(Your task):
Pictures must not appear in your answer. Write out exactly the lines from the one with "Leseno držalo za" through the last line of the entries below.

(Records for processing):

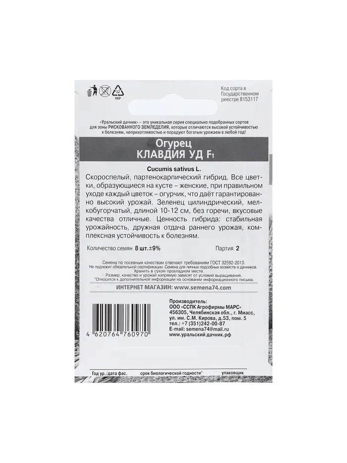 Набор семян Огурец "Клавдия", F1, 5 шт.
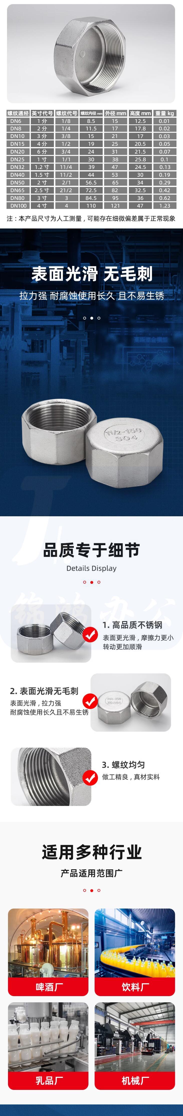 不锈钢六角管帽 内螺纹封头闷盖管堵头 DN20 货号:JC
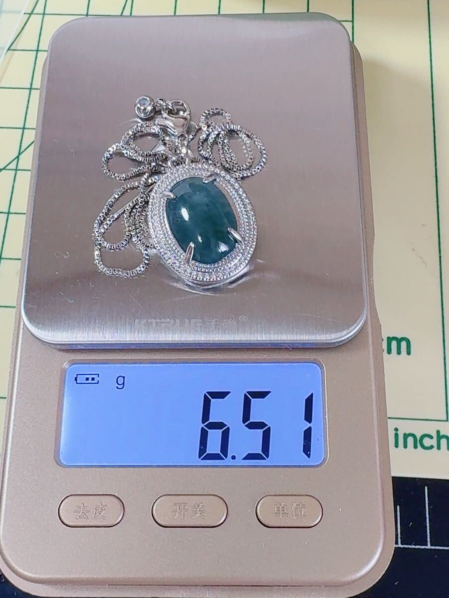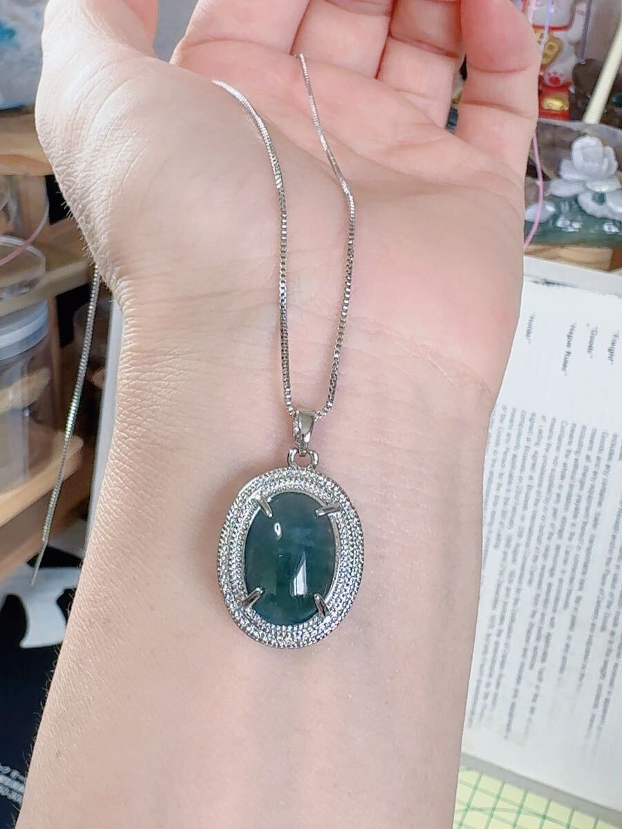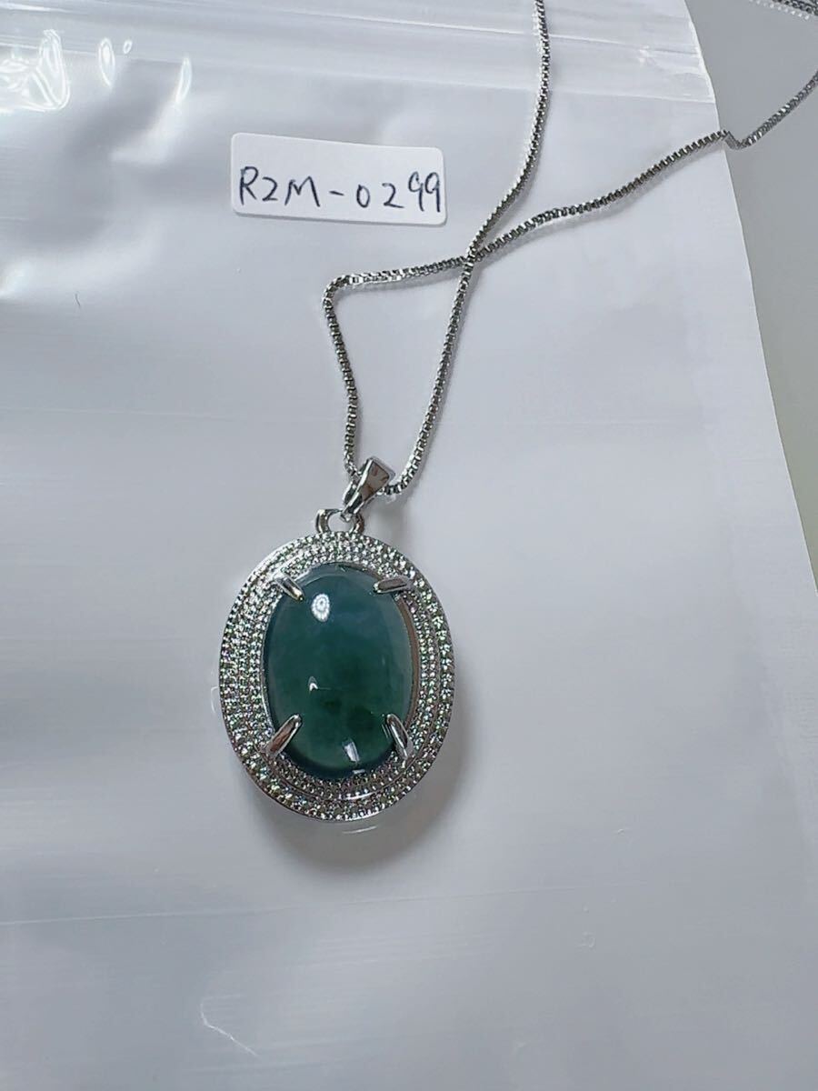 R2M-0299天然本翡翠 《本物保証》 藍水翡翠ペンダントチェーンSV925 一点物 魔除け 昇進 成功 風水 金運 財運 幸運 幸福 縁起物
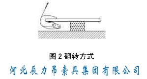 3.1 翻轉(zhuǎn)鉗額定載荷的規(guī)定是單只鉗翻轉(zhuǎn)一塊鋼板,翻轉(zhuǎn)方式如圖2。實(shí)際使用時(shí)可單只或兩只(加橫梁)吊裝一塊鋼板。
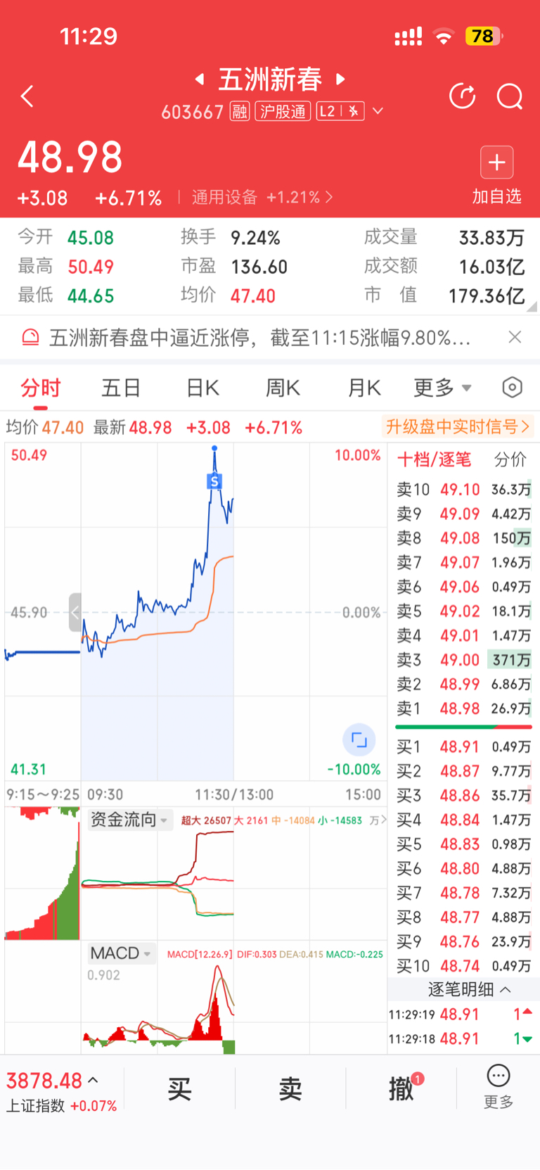 $五洲新春(SH603667)$ 涨停清仓,祝留下的发财
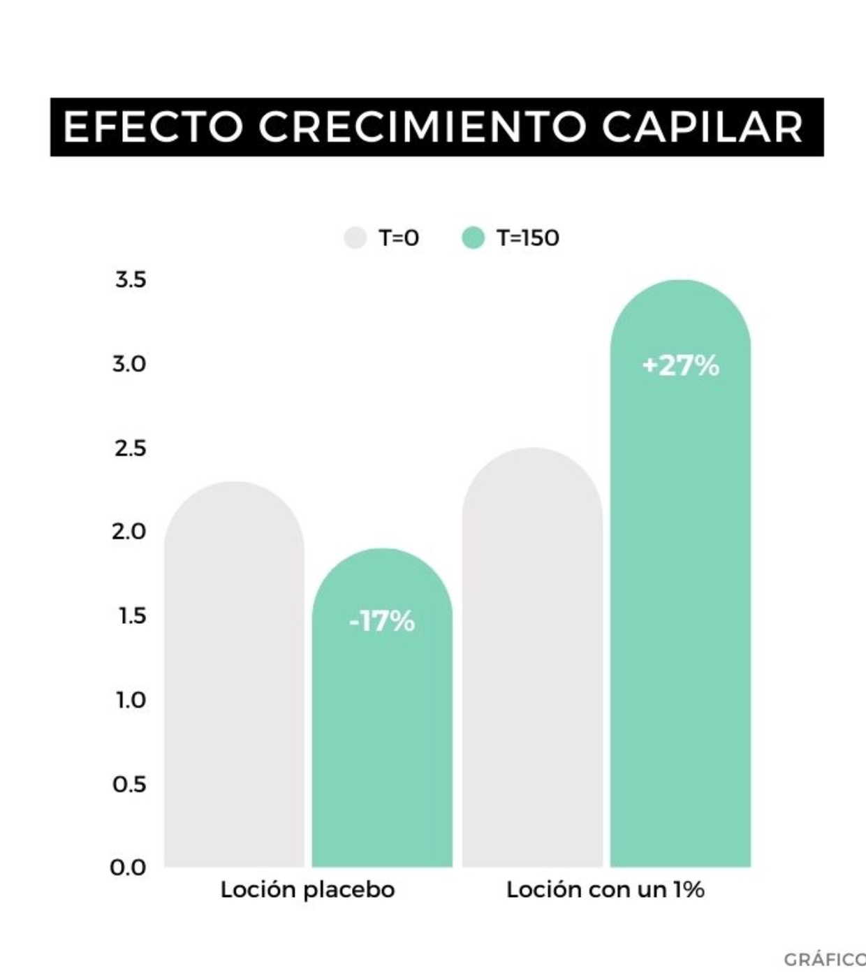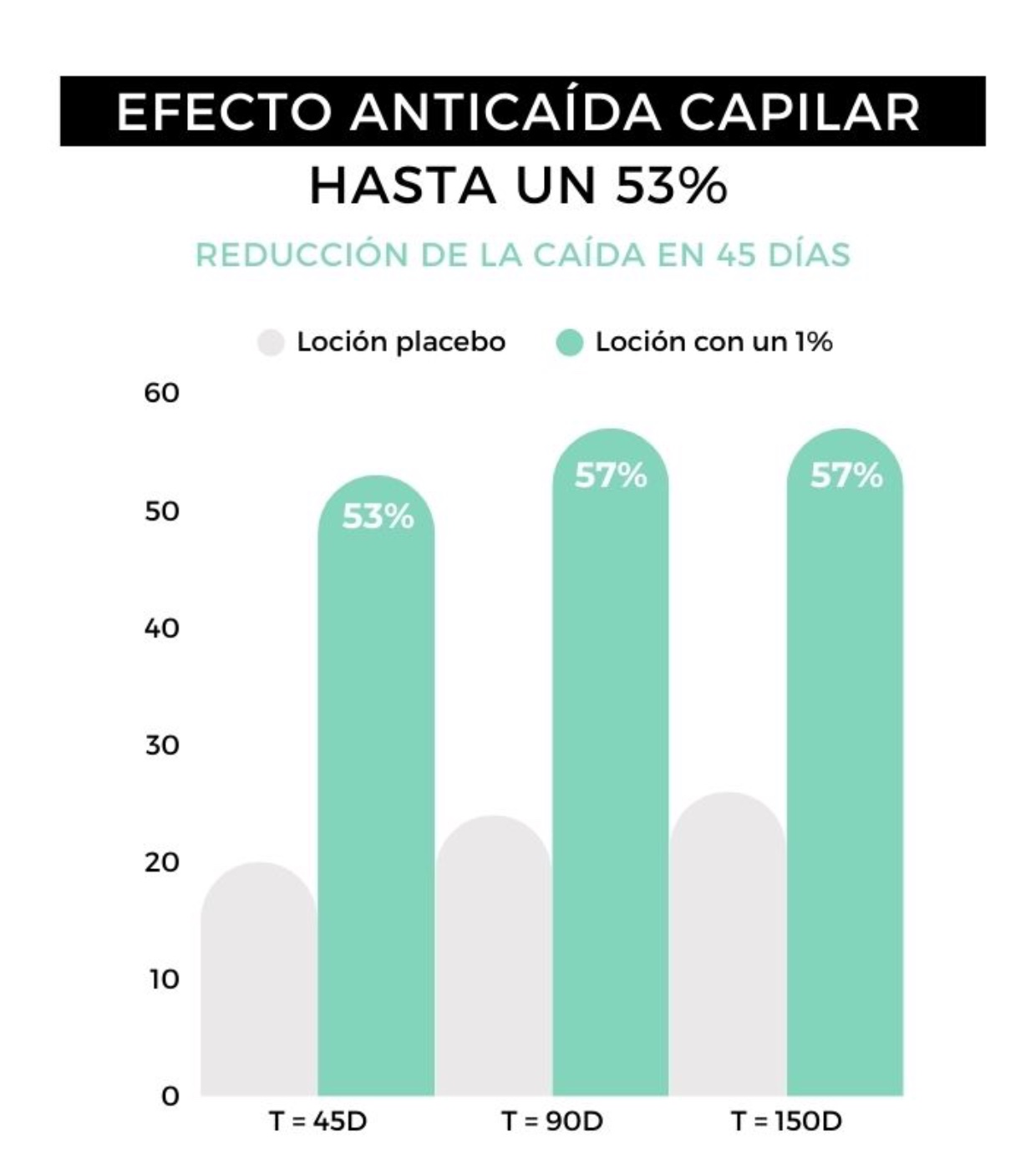 Improves the quality and density of hair, delaying hair loss thanks to its anti-hair loss effect, which reduces hair loss by 53% after 45 days, and its regenerative effect, increasing hair density by up to 52% in 150 days.
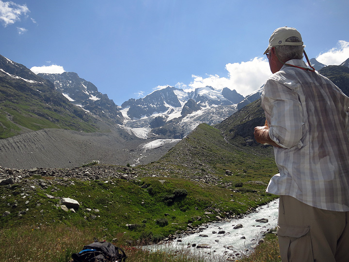 Continuing up the valley, we draw abreast of Piz Bernina high above. Bill admires the famous Biancograt, which Grant had climbed the previous week with Mark. |
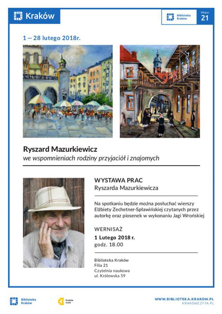 Wieczór wspomnień poœwięcony Ryszardowi Mazurkiewiczowi połšczony z wernisażem jego malarstwa. Na spotkaniu będzie można posłuchać wierszy Elżbiety Zechenter-Spławińskiej czytanych przez autorkę oraz piosenek w wykonaniu Jagi Wrońskiej.
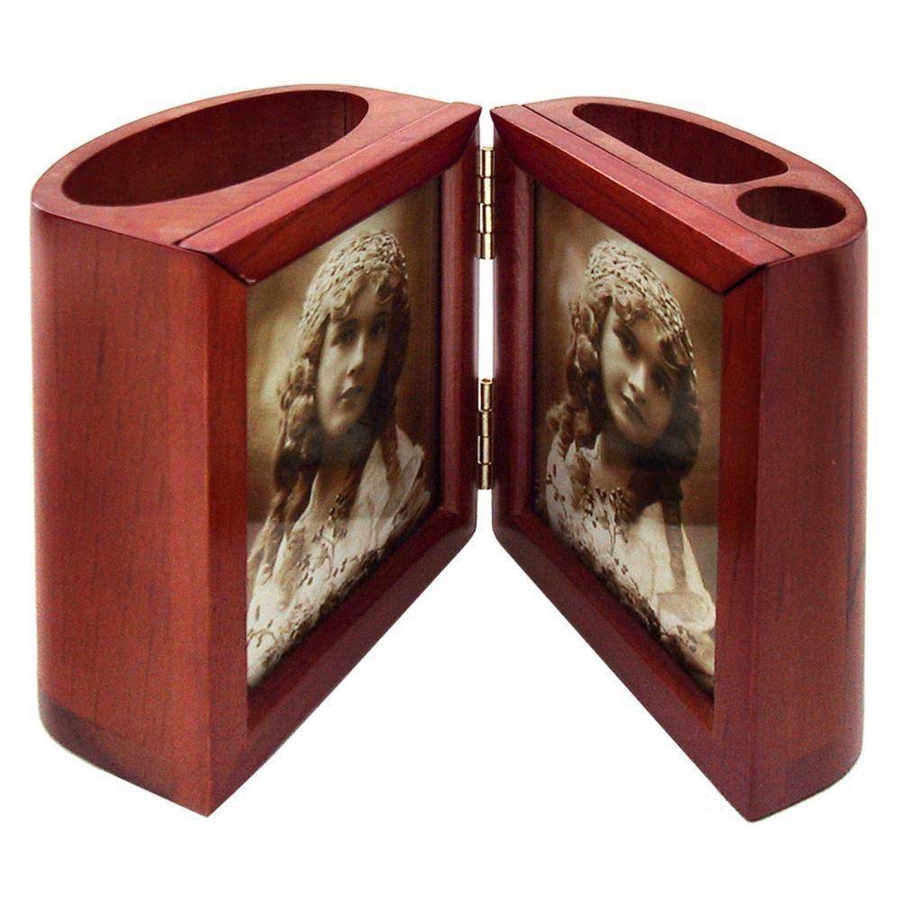 Leseno držalo za svinčnike z okvirjema za fotografiji.
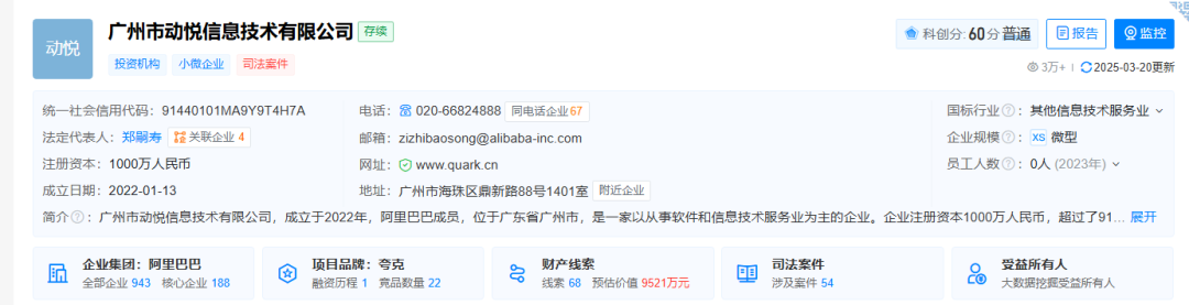 鲜为人知的是,夸克的主体公司和研发团队就在广州琶洲,即广州动悦信息技术有限公司。

(Output of the exercise):
 Leseno držalo za svinčnike z okvirjema za fotografiji.
 鲜为人知的是,夸克的主体公司和研发团队就在广州琶洲,即广州动悦信息技术有限公司。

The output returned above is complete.